I decided to air on the safe side and decided to bring the fry back to Savannah with me instead of letting my Mom take care of them. I got the final count and it stands at:

9 Multibabies (Sid x Nancy)
2 Marbles (Rio x Ada)

I'm not happy with myself. These fry are MUCH smaller than they should be. I'm chalking it up to being a NOOB but in all honesty I just wasn't giving them the attention they needed. They went without food and water changes sometimes, especially in the past two weeks. Life stuff just got in the way and the poor babies fell to the bottom of the totem pole.

I'm going to work doubly hard once I get the babies back to school to make sure these 11 make it to adulthood.

Pics: The babies are 6 weeks old
Multibabies...




























Marbles..
This is the Double tail. 









I tried to point to the spit so you could see it.









This is the other one (I call her the girl and the DBT the boy)


----------



## beat2020 (Dec 31, 2009)

Nice pics!
I wanted a multi-baby but I didn't know you only had 9 left.
That double tail baby is looking nice.
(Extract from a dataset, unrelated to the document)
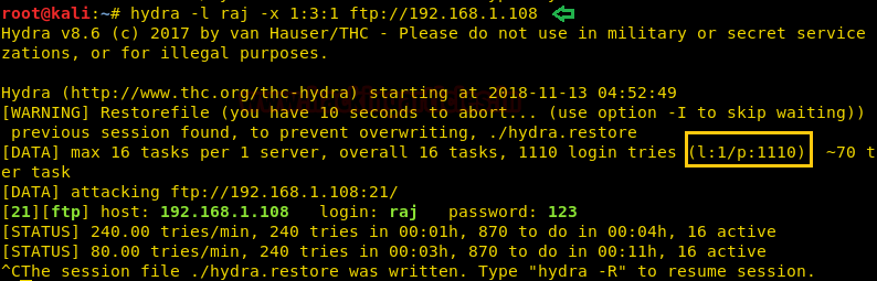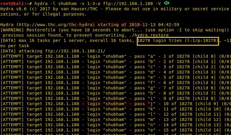 hydra -l shubham -x 1: 3: a ftp://192.168.1.108 -V

I like his color and I'm really liking that dorsal fin.


----------



## dramaqueen (Jul 7, 2008)

Are you ever going to have doubletails again? I'd love a doubletail!


----------



## Neelie (Feb 18, 2010)

omg so cute! grr i wish i could breed -_-


----------



## Jayy (Dec 23, 2009)

Very cute fry!! What are going with them? Sale them?


----------



## xswornxoffxjello (Mar 18, 2010)

They're really cute! I don't think you should beat yourself up about them being small, though. Stuff happens, and these two were your first spawns.


----------



## Sarada (May 11, 2010)

awww so tiny


----------



## 1fish2fish (Sep 10, 2009)

Thanks guys.

I'm going to be keeping at least 1 male from each spawn and if I get any females I'll also be keeping 1 of those. I'm really hoping that my two marbles are a male and a female so I can do an F2 with them. I'd like to keep two pairs from the multibabies if possible.

The remaining 5 will either be adopted out or sold.. it's going to depend on how good their quality is considering the bad care they've received. If they have decent fins/color I'll sell them (cheaply though) if they have curled fins/bad color I'll adopt them out.

I'm definitely keeping the marble DBT because I want to breed dbt so you can expect to see some DBT spawns maybe next summer


----------



## officialdees (Feb 1, 2010)

Cute ....how old???


----------



## 1fish2fish (Sep 10, 2009)

They're 6 weeks old. Spawn date was June 22, 2010. They're about the size of 4 week old fry though.


----------



## JamieTron (May 16, 2009)

I want to hug their tank they are so cute


----------



## 1fish2fish (Sep 10, 2009)

My marble babies are dead!!

I don't know what happened!! I put them in a different tank with clean water, I must have not put dechlor in there. I think I did because the bottle was sitting right there but maybe I didn't.:-(

I can't believe this, they were happy and healthy last night and today both are dead. My beautiful DBT baby who I picked out to keep WEEKS ago, who made it through faulty heaters and ick.. just to die over a water change.


----------



## mysquishy (Mar 12, 2010)

(((HUGS)))Don't be so hard on yourself. Sometimes this kind of stuff happens. Have you bred before or is this your first time? Good luck with the rest. 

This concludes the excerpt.